During the past 20 years, airport manager Jim Parks has helped direct an ongoing improvement project that has included adding a taxiway, clearing obstructions and creating areas to put equipment necessary for aircraft to begin using global positioning satellites for more accurate landings and approaches.
“It enhances the capability of the next generation of aircraft being built,” Parks said of the improvements.
If the footprint is boosted to 100,000 tons, it will far outpace the public airports in Pike and Pickaway counties, which also have shorter airstrips — Ross has about 5,400 feet of runway, while Pike has 4,900 and Pickaway has 4,346.
Chris Manegold, Economic Development Alliance CEO, said having the airport is a selling point for some companies looking to open businesses in the area, especially firms that do a lot of corporate travel by jet.
“It’s a very salable point in terms of economic development, and as we get into our marketing program, that’s one of the things we’ll emphasize,” Manegold said, adding it’s a distinct advantage for a smaller community.
The airport also makes it easier for politicians to put Chillicothe on their campaign trail. The last three presidents have used the airport at one time or another during their campaigns, as have celebrities with area ties.
While the airport sees plenty of human cargo, area manufacturers such as Kenworth also use it to bring in freight for their businesses. A boosted footprint could lead to increased use of the airport for freight, as well.
“Shoemaker Airport is a huge asset for Ross County. Businesses such as Kenworth, Glatfelter and USEC with their home offices elsewhere have the convenience of bringing their top executives to the area in a much more efficient manner in addition to having the capability of having large parts for major repairs arrive in a more timely fashion,” said Marvin Jones, Chillicothe-Ross Chamber of Commerce president.
“For other businesses using private aircraft, our airport meets many of the standards of the FAA required to handle sophisticated jets. It’s a great tool when trying to attract other business and industry to the area as well.”
Few people really know who exactly comes in and out of the airport for safety and security reasons, much like larger airports.
“Everything around here is on a need-to-know basis,” Parks said.
Parks, a licensed pilot, has been helping lead the way at the airport since he came on board in 1984. Originally from Madison, Wis., Parks was introduced to the airport while in Pike County for a railroad bridge project. He never left.
“I love to fly and I just ended up here. Everybody has to be somewhere,” Parks said.
Parks credits the support of the Ross County commissioners as being the key to steady improvements at the airport.
“It’s been a work in progress. It’s been going since the early ’70s,” Parks said.
Commissioners have supported seeking funds from the Federal Aviation Administration to fund improvements. The Ross County airport has received more than $1.2 million in FAA funds in recent years to rehabilitate and improve the taxiway.
Ross County Commissioner Jim Caldwell recalls talks about building an airport beginning in the 1960s when Gov. Jim Rhodes advocated that every county should have its own airport. Caldwell was active with the Jaycees at the time, and the group encouraged the commissioners to build the airport.

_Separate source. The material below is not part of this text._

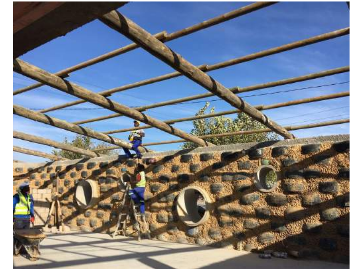
The roof starts going on
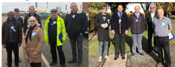
▲ PHOTO: Some of your local Listening Team, out and about in Wicksteed Ward recently. Speaking to residents and listening to their concerns.

*Telephone 01536 512007 to request a paper copy of our Local Issues Survey. YOUR LOCAL CONSERVATIVES: WORKING FOR THE COMMUNITY

After becoming a commissioner, Caldwell recalls former commissioner Robert Rittinger, who was a pilot, talking about the importance of the airport.
“He said, ‘You have to remember it’s the most important mile of highway in the county,’” Caldwell said. “Counties that don’t have those facilities and big enough to bring in sizable aircraft are hurting.”

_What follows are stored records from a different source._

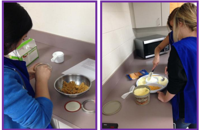
Principles of Human Services students help prepare lunch for the CTE Advisory Committee meeting.
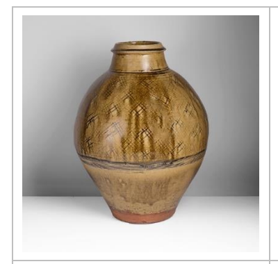
Lot 21 AR Phil Rogers (British, b.1951) Large Globular Vessel, circa 2000

Stoneware, green ash glaze with scraffito grid decoration, wide neck with collar, impressed maker's
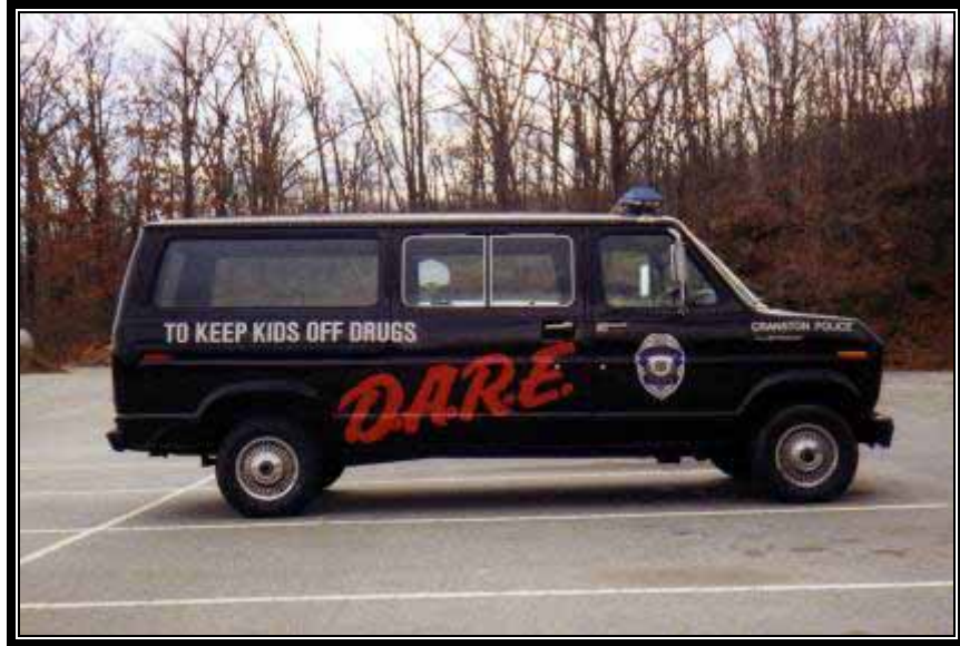
DARE van, a 1987 Ford
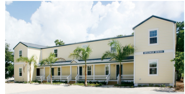
Completed Holtzman homes
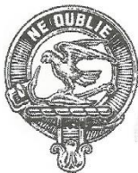
C29 GRAHAM 'DO NOT FORGET'

At least one expansion project was fueled in part by economic demand after Mead executives planned to build a high-speed paper machine. Caldwell recalls executives approached them about the desire to locate the new machine in Chillicothe, but they lamented the runway was not long enough for them to bring in what was needed to complete the project.
The commissioners began seeking funds from the state with the help of then state representative Myrl Shoemaker. His help throughout the years with the airport is why the facility bears his name, Caldwell said. He also credited former consultant, the late Stuart Withers, with being an advocate for securing grant funding for airport projects.

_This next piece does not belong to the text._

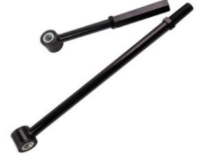
Front Adjustable Track Bar for Ford F250 F350 Excursion 2WD 4WD 99-04
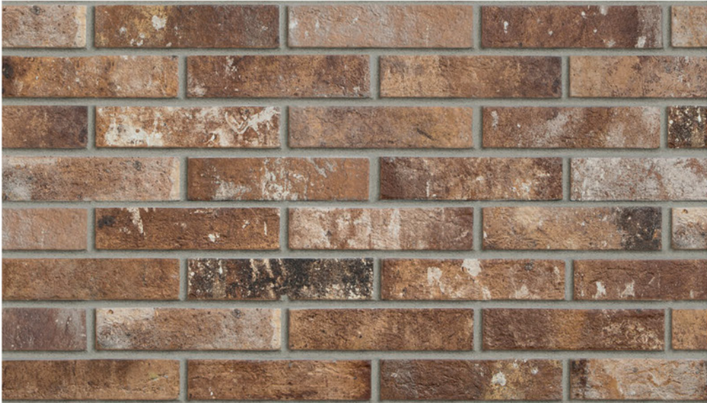
6cm x 25cm (2.3" x 9.8")

The recession has hurt some use of the airstrip, as have higher fuel prices. At one point, Parks said there were upwards of 40,000 take-offs and landings annually, adding that most of the decrease resulted from small-craft pilots dealing with high fuel costs.
“It’s doing what we’d like it to do,” Caldwell said. “I think as the economy turns around, we’ll see more commercial activity.”
“This economy, it will come back,” Parks agreed. “It’s all about being in position and ready.”
Caldwell credits Parks with finding other ways to capitalize on the airport. The airport has a fueling station, like most other airstrips in the area, and became a federal repair station capable of doing major repairs about 15 years ago. Currently, the customer base is about 250 for repairs and certifications.
The site also has a helicopter support company and offers rental and courtesy car service. At one point, before the terrorist attacks of Sept. 11, 2001, the airport had a flight school. While the school is gone, Parks said some teaching continues with interns and others in flight programs with the military.
Also, in the evenings, the airport can be used as a training field for the Ohio National Guard to practice night operations with Black Hawk helicopters.